I have set up a really nice, 8 minute slideshow with about 60 of my best shots (i am a photographer) then, every 7th shot has a message for tipping, or 5 star ratings, or my policy on drivethroughs.... Plus a few shots to promote my photography website.
Not only have my tips gone way up, but so has my number of 5 star ratings !
Hard for me to see a change though, as i have over 500 rated trips.

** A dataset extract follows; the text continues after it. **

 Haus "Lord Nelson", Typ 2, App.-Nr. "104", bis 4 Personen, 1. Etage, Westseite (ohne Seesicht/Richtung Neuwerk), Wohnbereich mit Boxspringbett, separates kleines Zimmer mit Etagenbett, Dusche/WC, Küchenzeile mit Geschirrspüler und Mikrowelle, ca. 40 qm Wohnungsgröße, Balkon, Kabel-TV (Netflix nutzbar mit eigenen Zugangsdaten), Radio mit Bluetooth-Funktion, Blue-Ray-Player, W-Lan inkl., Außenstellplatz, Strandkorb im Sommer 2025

It did go up .01 since then though.

Oh also, on longer rides, after i feel like they have probably seen the whole slideshow, i usually offer for them to use the tablet for YouTube or whatever they want, as i use my phone as a hot spot, and i have unlimited tranfer anyway.


----------



## Chauffeur_James (Dec 12, 2014)

Here is a great thread for a tablet for tipping.

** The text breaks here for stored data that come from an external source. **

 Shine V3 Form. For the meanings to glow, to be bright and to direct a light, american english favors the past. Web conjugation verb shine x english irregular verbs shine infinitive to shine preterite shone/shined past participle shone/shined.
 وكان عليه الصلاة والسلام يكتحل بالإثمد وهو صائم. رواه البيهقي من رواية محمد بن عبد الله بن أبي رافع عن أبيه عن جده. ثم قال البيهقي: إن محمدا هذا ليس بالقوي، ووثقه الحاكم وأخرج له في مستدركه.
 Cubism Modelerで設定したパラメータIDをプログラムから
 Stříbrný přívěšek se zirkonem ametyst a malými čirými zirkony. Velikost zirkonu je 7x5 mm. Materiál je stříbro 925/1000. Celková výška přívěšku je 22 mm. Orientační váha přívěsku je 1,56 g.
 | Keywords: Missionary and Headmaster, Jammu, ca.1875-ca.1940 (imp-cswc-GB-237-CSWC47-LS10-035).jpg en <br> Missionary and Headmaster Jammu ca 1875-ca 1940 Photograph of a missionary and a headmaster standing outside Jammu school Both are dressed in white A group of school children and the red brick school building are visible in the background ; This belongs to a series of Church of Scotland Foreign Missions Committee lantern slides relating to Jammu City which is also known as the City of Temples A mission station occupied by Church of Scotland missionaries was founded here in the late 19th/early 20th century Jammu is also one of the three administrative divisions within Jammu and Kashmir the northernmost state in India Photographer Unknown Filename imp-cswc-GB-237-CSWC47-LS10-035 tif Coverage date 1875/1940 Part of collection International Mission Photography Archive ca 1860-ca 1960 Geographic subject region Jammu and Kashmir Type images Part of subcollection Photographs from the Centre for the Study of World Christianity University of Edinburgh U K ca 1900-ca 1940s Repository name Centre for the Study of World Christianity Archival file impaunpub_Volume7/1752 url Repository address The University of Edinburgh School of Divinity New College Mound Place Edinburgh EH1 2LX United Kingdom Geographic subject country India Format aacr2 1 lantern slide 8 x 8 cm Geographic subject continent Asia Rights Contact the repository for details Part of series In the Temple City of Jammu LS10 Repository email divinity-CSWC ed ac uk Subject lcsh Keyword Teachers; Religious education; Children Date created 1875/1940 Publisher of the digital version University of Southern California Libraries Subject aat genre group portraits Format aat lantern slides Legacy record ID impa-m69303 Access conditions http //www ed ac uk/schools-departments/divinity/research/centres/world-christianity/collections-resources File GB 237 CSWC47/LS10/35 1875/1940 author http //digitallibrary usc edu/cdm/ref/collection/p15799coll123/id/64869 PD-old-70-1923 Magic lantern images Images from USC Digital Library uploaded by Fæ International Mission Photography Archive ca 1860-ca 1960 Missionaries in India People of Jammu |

https://uberpeople.net/threads/tips-android-tablet-tipping-sign.132681/


----------



## Fishchris (Aug 31, 2016)

Chauffeur_James said:


> Here is a great thread for a tablet for tipping.
> 
> https://uberpeople.net/threads/tips-android-tablet-tipping-sign.132681/


Steve's tablet setup is apparently working very well for him, and in fact, I'm going to be totally honest in saying, I got the whole tablet idea from him !
That said, I couldn't use his exact images as for one thing, I can't stream music in my car....

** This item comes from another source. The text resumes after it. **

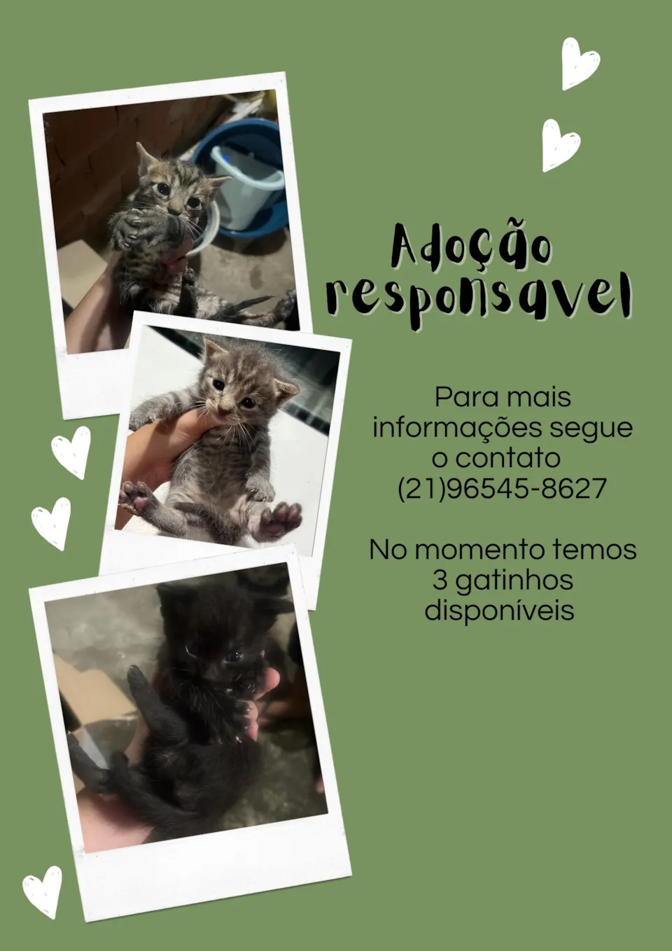 Peço, por favor, que entrem em contato apenas se realmente tiverem interesse e condições de cuidar direitinho. Adoção é um ato de amor e compromisso 🏡✨
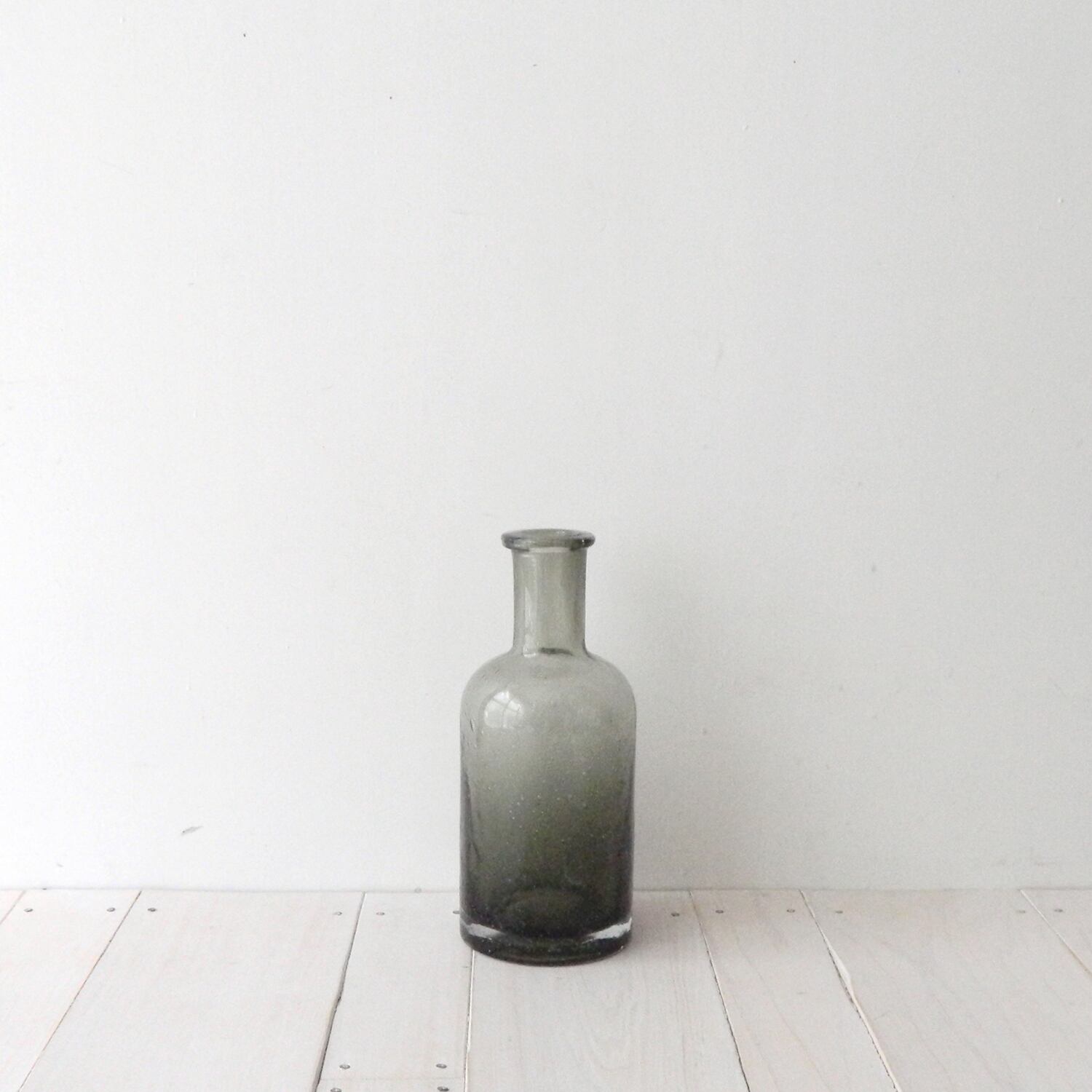 全体に気泡が入ったオリーブグレーの瓶。

Also, just personally speaking, I think as a pax, i'd get tired of each of these images on about the second loop.... which depending on how long each was displayed, might be about 1 minute......

With my slide show having about 60 images, the full loop is about 8 minutes, and is a bit more subtle, as far as, it gives them something to actually get into, and enjoy.... then just about the time I have their complete attention, it hits them with the tipping page  ..... so then, before they get completely turned off, it goes back to pleasant, interesting photography, and just about the time they are relaxed again, I slip in the 5 star rating page  and so on....

With most rides being at least 8 minutes, I think the majority get to see all of the important messages, infused throughout my regular photography slideshow.
Then, on long trips, after 10 minutes or so, and after we get out on the freeway, I will usually offer that they can use the tablet to surf the net or Youtube, or whatever.....


----------



## Lee239 (Mar 24, 2017)

Lwill21 said:


> Ok , I have still been driving Uber and feeling frustrated with the no tip left scenario. Well I have to say that yesterday and today were pretty good as for tips. I got 15.00 on Saturday and $5 today in a tip. This is Good to me because these MIAMI people do not believe in tipping their drivers. I suggest using the extra kindness on the weekends, this is where I noticed people offer the most tips. Anyone got any suggestions to increasing tips, let me know.


Put a tip sign up and chat with pax.


----------